Parliamentary committee to issue verdict on Solu Corridor graft on April 27


    The Parliamentary Committee on Public Accounts today said it would come up with a verdict on alleged misappropriation in handover of contract of Solu Transmission Corridor Project on April 27.

    In the last three days, the parliamentary panel has grilled Energy Minister Top Bahadur Rayamajhi, Energy Secretary Suman Prasad Sharma, Managing Director of Nepal Electricity Authority (NEA), Mukesh Raj Kafle, former energy secretary Rajendra Kishore Kshatri and former NEA board member Santosh Narayan Shrestha, among others.

    While officials like Kafle have said no malpractice occurred while handing over the contract, Kshatri today said he had never supported NEA’s board decision to extend the contract and had even written a note of dissent to express his dissatisfaction. Kshatri further said the decision to hand over the contract is likely to inflict losses of at least Rs 270 million on the state.

    Solu Corridor is a 90-km transmission line project, which extends from Mirchaiya of Siraha to Tingla of Solukhumbhu. The 132 kV double-circuit transmission line is being built by NEA, the state-owned power utility, using soft credit of $29 million extended by India.

    The project landed in controversy after the bid evaluation committee formed by NEA disqualified one of the eight bidders — joint venture between Jaguar Overseas Ltd and BS Ltd of India — from taking part in the bidding.

    The joint venture, which according to documents was the lowest bidder, was not allowed to take part in the competition as ‘it had issued bank guarantee in Indian currency, as against US dollars or Nepali rupee’.
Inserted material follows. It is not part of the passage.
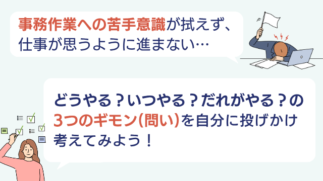 筆者も、かつてはその一人でした。 事務作業にどうしても苦手意識が拭えず、仕事が思うように進まない日々。休職を経て復職したあと、ようやくたどり着いたのが、「3つのギモン(問い)」を自分に投げかけるというシンプルな方法でした。
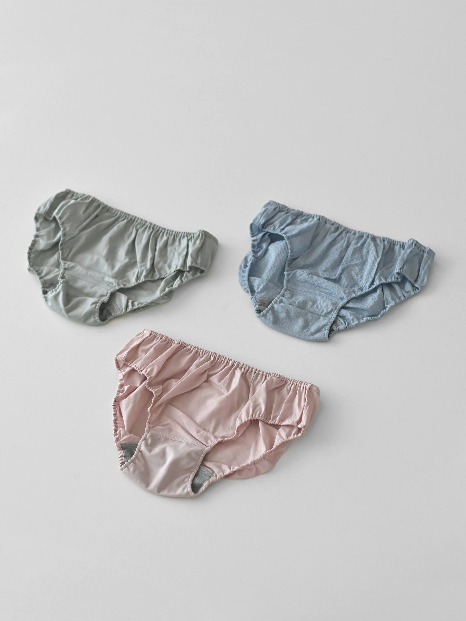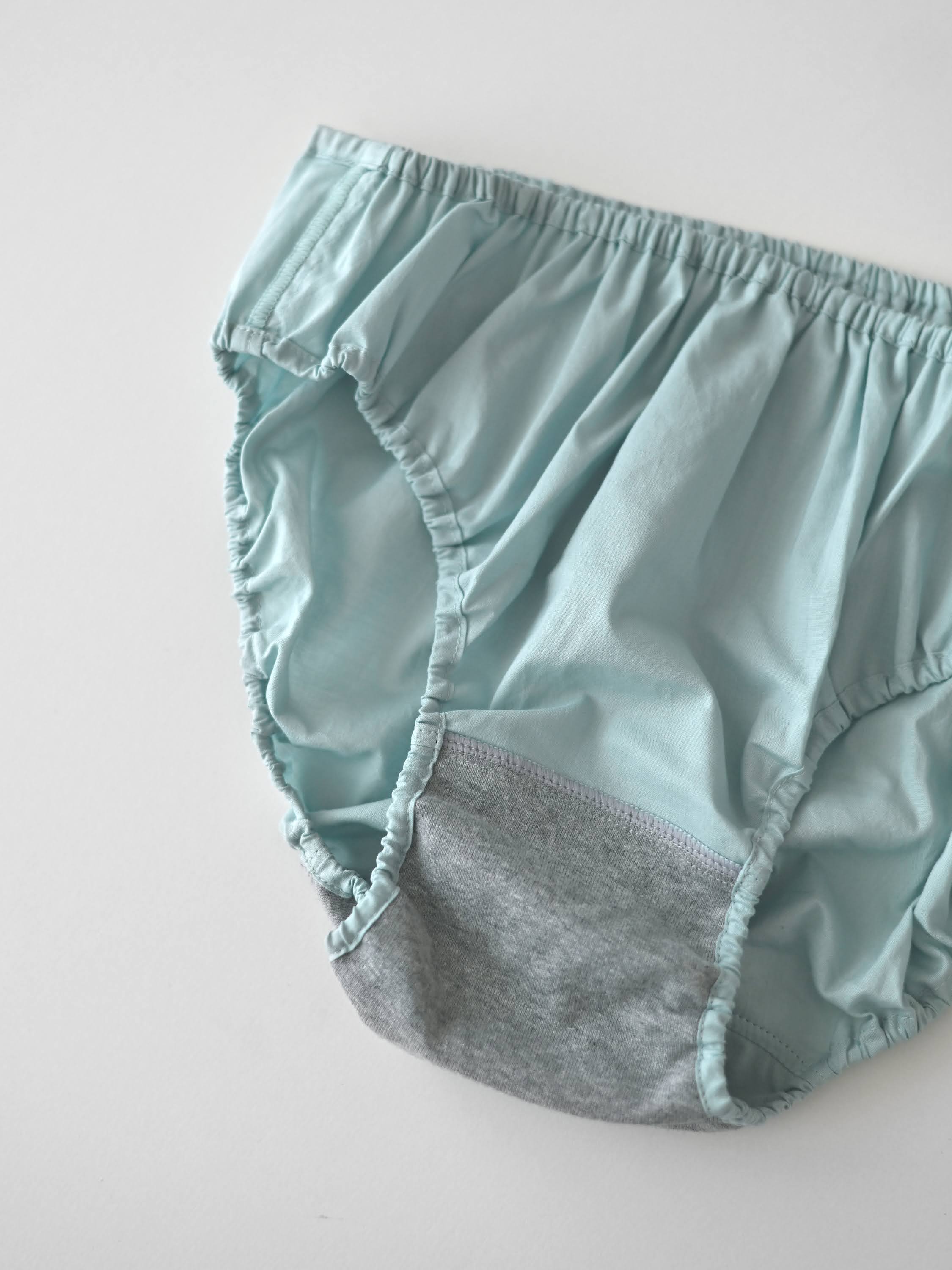 ウエストと足ぐりにゴムを入れ、ふんわりと支える設計。ゴムは縫い代の中に隠れていて、肌に直接あたらない

    Other reasons cited for disqualification were: extension of power of attorney to BS Ltd without fulfilling all the requirements, failure to clearly define roles and responsibilities of partner firms, and inability to submit appropriate certificate on joint venture’s work experience in hilly area.

    Citing these reasons, the bid evaluation committee had selected Mohan Energy Corporation Pvt Ltd of India as the preferred bidder, as it had pledged to build the project at $23.08 million — the lowest price among seven remaining bidders. The joint venture between Jaguar and BS is said to have quoted at least Rs 270 million less than Mohan Energy to build the project.

    Today, former NEA board member Shrestha said Mohan Energy had used fake experience certificate to bag the contract.

    As per the eligibility criteria, a firm must have experience of building a 60-km transmission line in hilly area. “Mohan Energy had said it had built a similar project in Mozambique, but the certificate does not even mention the name of the institution that issued it,” said Shrestha.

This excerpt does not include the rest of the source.